Print nothing but the lines below starting at the line that holds "마지막으로 2024 K5 가격표 및 카탈로그 원본을 아래와 같이 공유드립니다." and ending at the line that holds "Este colgante de", including both, each exactly as written.

[Extracted records]
________________________

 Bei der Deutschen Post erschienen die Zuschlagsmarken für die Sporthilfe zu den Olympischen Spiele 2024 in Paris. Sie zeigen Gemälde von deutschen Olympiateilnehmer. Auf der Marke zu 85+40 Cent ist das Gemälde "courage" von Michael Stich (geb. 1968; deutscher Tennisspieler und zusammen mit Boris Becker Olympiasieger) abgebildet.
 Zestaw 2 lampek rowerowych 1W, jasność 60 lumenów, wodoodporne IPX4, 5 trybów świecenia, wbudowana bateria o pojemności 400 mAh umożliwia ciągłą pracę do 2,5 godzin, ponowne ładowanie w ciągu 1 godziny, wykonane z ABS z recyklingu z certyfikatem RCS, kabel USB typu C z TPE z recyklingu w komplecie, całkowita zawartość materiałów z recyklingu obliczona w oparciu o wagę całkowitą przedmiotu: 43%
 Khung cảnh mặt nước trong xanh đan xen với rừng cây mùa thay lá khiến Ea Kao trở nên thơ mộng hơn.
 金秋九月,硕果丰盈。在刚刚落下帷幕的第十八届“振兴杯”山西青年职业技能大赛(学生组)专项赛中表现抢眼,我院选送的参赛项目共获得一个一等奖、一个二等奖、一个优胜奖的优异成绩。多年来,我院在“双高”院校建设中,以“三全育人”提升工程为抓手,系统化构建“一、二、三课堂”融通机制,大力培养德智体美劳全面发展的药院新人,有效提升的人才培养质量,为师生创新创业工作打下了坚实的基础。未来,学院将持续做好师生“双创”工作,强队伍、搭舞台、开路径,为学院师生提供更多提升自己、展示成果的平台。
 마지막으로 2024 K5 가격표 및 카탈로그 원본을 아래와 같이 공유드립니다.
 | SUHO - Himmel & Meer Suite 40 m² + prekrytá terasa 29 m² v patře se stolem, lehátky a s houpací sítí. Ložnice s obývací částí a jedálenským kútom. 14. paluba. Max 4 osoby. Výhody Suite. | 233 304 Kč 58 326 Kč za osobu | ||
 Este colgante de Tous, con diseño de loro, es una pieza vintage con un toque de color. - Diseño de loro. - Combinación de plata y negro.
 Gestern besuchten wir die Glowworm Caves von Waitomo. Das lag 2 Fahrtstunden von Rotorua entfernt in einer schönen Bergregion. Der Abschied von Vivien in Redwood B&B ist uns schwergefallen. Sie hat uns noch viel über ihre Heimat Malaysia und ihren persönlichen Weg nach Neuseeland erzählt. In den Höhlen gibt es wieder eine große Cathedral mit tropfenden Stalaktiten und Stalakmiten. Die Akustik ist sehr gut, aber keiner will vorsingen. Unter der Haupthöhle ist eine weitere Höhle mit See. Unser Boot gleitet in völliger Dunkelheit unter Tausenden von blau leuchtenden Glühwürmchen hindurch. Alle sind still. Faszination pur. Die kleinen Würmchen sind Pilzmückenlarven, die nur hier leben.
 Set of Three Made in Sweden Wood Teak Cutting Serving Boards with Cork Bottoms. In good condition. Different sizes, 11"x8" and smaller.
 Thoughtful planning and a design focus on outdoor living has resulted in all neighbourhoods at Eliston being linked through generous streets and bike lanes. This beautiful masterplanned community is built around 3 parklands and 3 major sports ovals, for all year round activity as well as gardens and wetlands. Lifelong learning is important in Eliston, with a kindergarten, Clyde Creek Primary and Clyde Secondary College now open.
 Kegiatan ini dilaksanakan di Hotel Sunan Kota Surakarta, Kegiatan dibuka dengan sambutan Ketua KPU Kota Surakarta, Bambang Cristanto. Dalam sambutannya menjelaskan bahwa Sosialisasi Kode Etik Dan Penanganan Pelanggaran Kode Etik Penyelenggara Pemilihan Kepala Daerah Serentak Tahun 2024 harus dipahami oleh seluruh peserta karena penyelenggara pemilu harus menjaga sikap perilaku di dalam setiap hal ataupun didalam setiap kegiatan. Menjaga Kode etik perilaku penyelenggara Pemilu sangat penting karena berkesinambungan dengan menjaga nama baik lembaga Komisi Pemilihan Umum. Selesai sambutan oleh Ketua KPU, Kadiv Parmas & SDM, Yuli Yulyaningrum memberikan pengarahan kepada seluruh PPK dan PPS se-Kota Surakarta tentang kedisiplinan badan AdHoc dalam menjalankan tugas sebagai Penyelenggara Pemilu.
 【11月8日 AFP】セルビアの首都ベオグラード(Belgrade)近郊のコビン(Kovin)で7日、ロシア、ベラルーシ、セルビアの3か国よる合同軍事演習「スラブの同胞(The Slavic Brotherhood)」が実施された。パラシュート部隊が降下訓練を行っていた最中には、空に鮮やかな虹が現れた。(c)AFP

________________________

**Solution for this exercise**
 마지막으로 2024 K5 가격표 및 카탈로그 원본을 아래와 같이 공유드립니다.
 | SUHO - Himmel & Meer Suite 40 m² + prekrytá terasa 29 m² v patře se stolem, lehátky a s houpací sítí. Ložnice s obývací částí a jedálenským kútom. 14. paluba. Max 4 osoby. Výhody Suite. | 233 304 Kč 58 326 Kč za osobu | ||
 Este colgante de Tous, con diseño de loro, es una pieza vintage con un toque de color. - Diseño de loro. - Combinación de plata y negro.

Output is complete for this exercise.